¿Y cómo se hace para poder confiar?
El Diablo es un mentiroso: trata de persuadirnos de que somos capaces de encontrar la felicidad fuera de Dios y que podemos perfectamente juzgar lo que es bueno para nosotros.
¡Es una trampa tan vieja como el pecado original, en la cual nos dejamos atrapar cada día!
Cada vez que preferimos nuestro capricho a la voluntad de Dios, cada vez que confundimos libertad e independencia, cada vez que nos aferramos a nuestros bienes materiales en vez de remitirnos a la Providencia, nos comportamos como el hijo pródigo de la parábola (Lc 15, 11-32), que solo tenía una idea en la cabeza: ¡librarse de la autoridad de su padre a fin de ser libre y de actuar a su antojo!
Pero en lugar de desarrollarse personalmente, pronto terminó sintiéndose más miserable que los cerdos que guardaba, hambriento, amargado y perdido.
¿Creemos de verdad?
¿Creemos realmente que Dios nos ama?
Una de dos: o Jesús dijo la verdad, y Dios es un verdadero Padre que nos ama infinitamente y que envió a su Hijo para que “os alegréis conmigo y vuestra alegría sea completa”… y en ese caso, no tenemos nada que temer y todo a esperar de un Padre tan amante y misericordioso; o Dios no nos ama verdaderamente, y Jesús, pues, es un mentiroso; entonces no vale la pena seguirLe.
Hay que ser coherente: o creemos en Dios –el Dios de Jesucristo- o no creemos en Él.
Pero si creemos, saquemos todas las consecuencias.
No podemos decir que el Evangelio es verdad “teóricamente” y no vivirlo concretamente.
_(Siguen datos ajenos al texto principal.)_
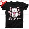 Maneki Neko Boba Bubble Tea Sakura Lucky Cat Funny Gift Tee Black T Shirt for Fitness Training Jogging Outdoor Activities

No podemos proclamar cada domingo en el Credo que creemos en Dios y comportarnos como si esta Fe fuese extraña a nuestra vida cotidiana.
Si creemos que Jesús dice la verdad, que Él ciertamente es el Hijo de Dios y nuestro Salvador.
Si creemos, junto con toda la Iglesia, que su Palabra es verídica, especialmente cuando nos revela la infinita bondad del Padre, su misericordia inagotable y su ternura; entonces ¿por qué dudamos en poner todo en manos de Dios? ¿Por qué tememos darseLo todo?
Mucho más que el “Jackpot”
Si no osamos abandonarnos sin reserva, es porque, todavía, nos dejamos caer en la trampa del Maligno.
Este manipulador nos susurra –¡y nuestra imaginación cae de bruces en el truco!- que Dios se aprovechará, despiadado, de nuestra confianza para devastar nuestra vida.
¡Como si Él no esperara más que una señal de nuestra parte para hacernos desgraciados!
¡Pero es exactamente todo lo contrario!
“Todos los bienes me han sido dados a partir del momento que yo no los he buscado”, afirmaba san Juan de la Cruz.
Todo aquel que ha hecho la prueba de remitirse completamente a la bondad de Dios os dirá lo mismo.
Apostar todo a Dios no es una fórmula mágica que permitiría ganar el “jackpot”.
No se trata de hacer una inversión rentable o de subscribir un seguro de vida: se trata de salir de la lógica del mundo para entrar en la del Reino.
Cuando san Juan de la Cruz habla de “todos sus bienes”, no habla de la gloria y las riquezas, sino de los bienes que necesitamos para ser verdaderamente felices, de los que son capaces de colmarnos.
Sin miedo
Apostar todo a Dios no hace llover pruebas… ¡pero tampoco nos dispensa de ellas!
Por el contrario, remitirse completamente al amor del Señor nos hace aptos a recibir de Él tesoros de gozo, de paz, de fuerza y de confianza, en los éxitos y en la adversidad.
En vez de cargar con nuestra carga solos, recibimos de Jesús “un yugo y una carga ligeros” (Mt 11, 30)…
No forzosamente ligera en apariencia, pero ligera en realidad, porque Jesús la lleva, realmente, con nosotros.
¿Cómo abandonarnos?
Abandonándonos. Dicho de otra manera, pidiendo esta gracia al Señor. PidiéndoSela con confianza, incansablemente, y sin preocuparnos por nuestras dificultades a recibirla y a vivirla.
Cada vez que una inquietud nos atenace o que estemos tentados de llevar nuestra vida “solos como los mayores”, volvamos a decir a Dios que nos queremos apoyar únicamente en Él.
No mantengamos ninguna preocupación, ni la de no llegar a entregarnos totalmente al Señor.
¿Nuestro corazón está escindido, es pusilánime, es infiel? No tengamos miedo. Dios es más grande que nuestro corazón.